* [DIRECTIONS FOR THIS TASK]: Below are some entries. Transcribe the lines from the one holding "Ruy băng voan" to the one holding "6月29日,保定市東三環(h", inclusive, but not the pictures among them.

* [INFORMATION GIVEN]:
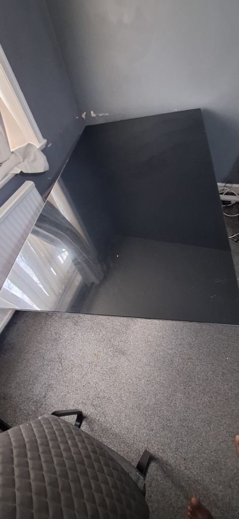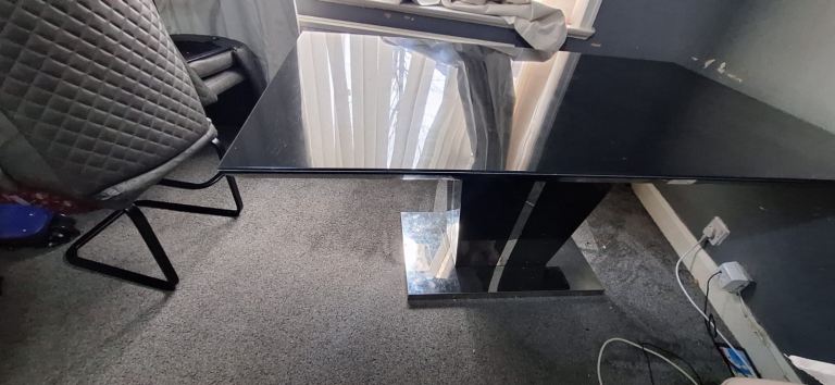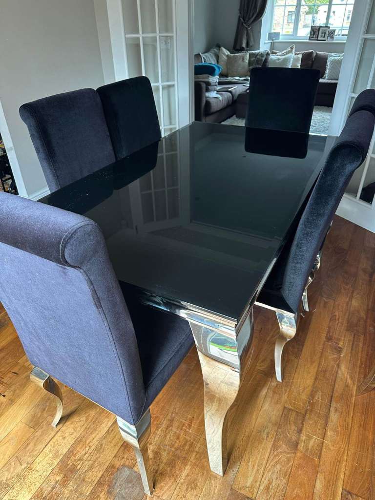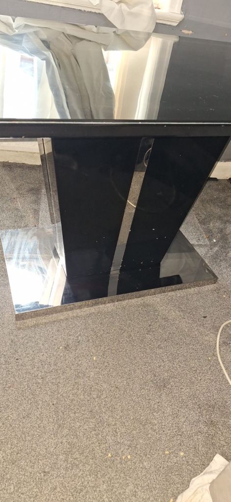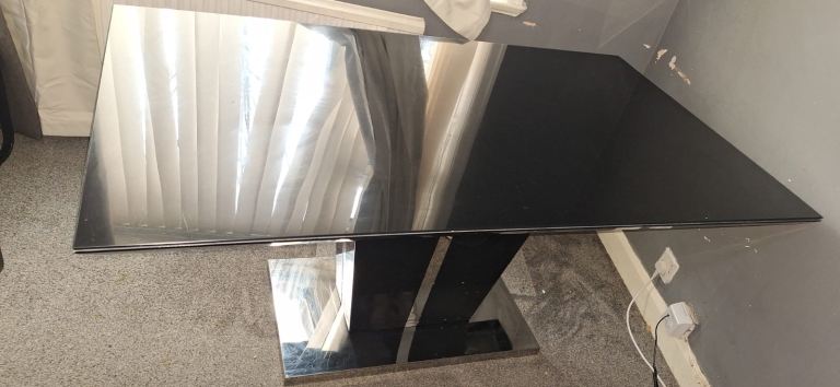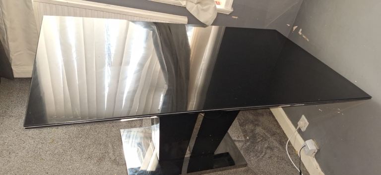 Upgrade your dining space with this stunning contemporary dining table featuring a sleek black glass top and a bold mirrored pedestal base. Perfect for modern homes and easy to match with any décor.
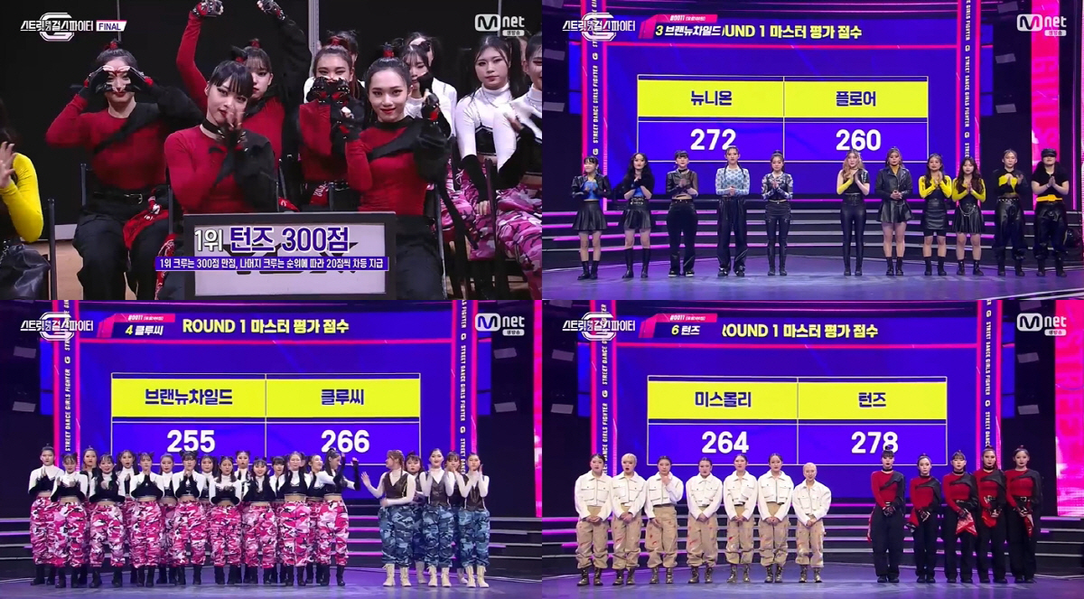 뉴니온과 플로어는 ITZY의 'Weapon'으로, 클루씨와 브랜뉴차일드는 전소연의 'Fire'에 맞춰 합동 퍼포먼스를 펼쳤다. 이어 미스몰리와 턴즈는 마마무 솔라&문별의 'Bada Boom'으로 강렬한 합동 퍼포먼스를 선사했다. 1라운드에서 가장 높은 점수를 획득한 크루는 턴즈였다. 턴즈는 마스터 현장 평가의 평균 점수에서 278점을 받았다. 또한 턴즈는 사전 챌린지 미션에서도 1위를 차지해 300점을 획득했다.
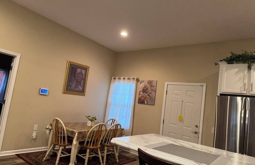 Newly constructed brick house has a huge sunroom, huge living room, 4 bed rooms, 2 extra beds in sun room attached bathrooms, walk-in closets. Waterproof flooring. Fully furnished. New Kitchen appliances. Pond access at your risk. Back and front porch with open air. parking space for 25 plus car. A good spot for a quick walk? Walmart 1.2 miles away. Only 5 minutes to down town. Perfect for a family of 12.
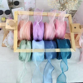 Ruy băng voan 4cm, cuộn ruy băng kim tuyến, dây ruy băng lụa ren viền xoắn vải gói hoa
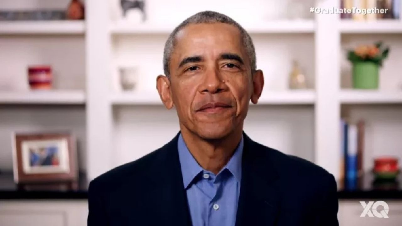 Barack Obama sorri, vestindo terno azul, com estante branca ao fundo. Logo XQ e hashtag #GraduateTogether.
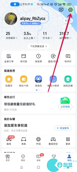 第一步:在当前页面下载【高德地图app】,或者是打开已有的高得地图app,进入到首页之后,点击右下角的我的;
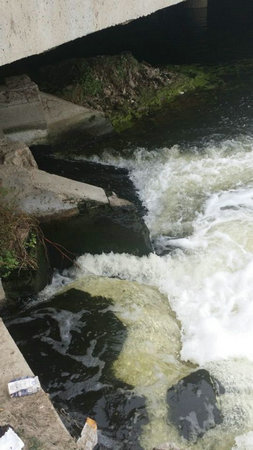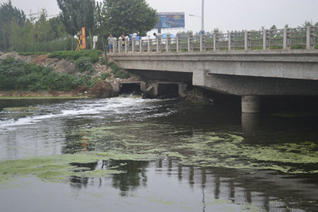 6月29日,保定市東三環(huán)黃花溝橋下,溪源、銀定莊污水處理廠的兩個(gè)排水口往黃花溝內(nèi)“吐”著水,河面水色發(fā)黃發(fā)烏。這些水經(jīng)黃花溝及府河最終流進(jìn)白洋淀。6月16日,國(guó)家環(huán)境保護(hù)部對(duì)保定市溪源污水處理廠進(jìn)行掛牌督辦處罰,責(zé)令其6個(gè)月升級(jí)改造完工。保定市排水總公司表示,今年12月中旬,溪源污水處理廠將會(huì)全面改造升級(jí)完成一級(jí)A建設(shè),屆時(shí),污水處理量達(dá)到22萬(wàn)噸。
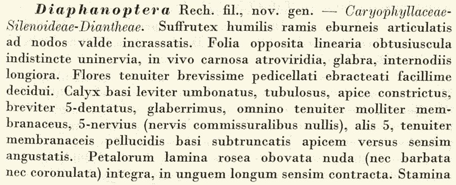 | Андрей Ковальчук | Протолог рода Diaphanoptera Rech. f. (тип: Diaphanoptera khorasanica Rech.f.) (Repertorium Specierum Novarum Regni Vegetabilis 48: 41. 1940):
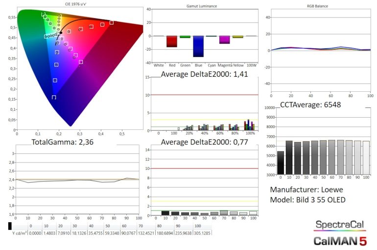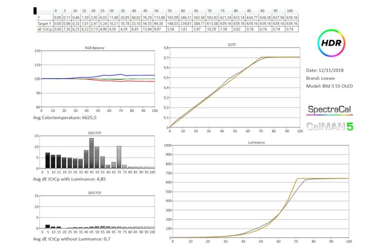De maximale piekluminantie van de Bild 3 komt uit op ongeveer 676 nits (op een 10% venster, bij 2% kan hij 783 nits halen). Na geruime tijd daalt de piekluminantie naar 130 nits. Op een volledig wit beeld haalt de Bild 3 een goede 151 nits, een zeer goed resultaat. Kleurprestaties zijn identiek aan andere OLED-modellen met een DCI-P3 bereik van 98% en Rec.2020 bereik van 71%.

* [YOUR RESPONSE]:
 Ruy băng voan 4cm, cuộn ruy băng kim tuyến, dây ruy băng lụa ren viền xoắn vải gói hoa
 Barack Obama sorri, vestindo terno azul, com estante branca ao fundo. Logo XQ e hashtag #GraduateTogether.
 第一步:在当前页面下载【高德地图app】,或者是打开已有的高得地图app,进入到首页之后,点击右下角的我的;
 6月29日,保定市東三環(huán)黃花溝橋下,溪源、銀定莊污水處理廠的兩個(gè)排水口往黃花溝內(nèi)“吐”著水,河面水色發(fā)黃發(fā)烏。這些水經(jīng)黃花溝及府河最終流進(jìn)白洋淀。6月16日,國(guó)家環(huán)境保護(hù)部對(duì)保定市溪源污水處理廠進(jìn)行掛牌督辦處罰,責(zé)令其6個(gè)月升級(jí)改造完工。保定市排水總公司表示,今年12月中旬,溪源污水處理廠將會(huì)全面改造升級(jí)完成一級(jí)A建設(shè),屆時(shí),污水處理量達(dá)到22萬(wàn)噸。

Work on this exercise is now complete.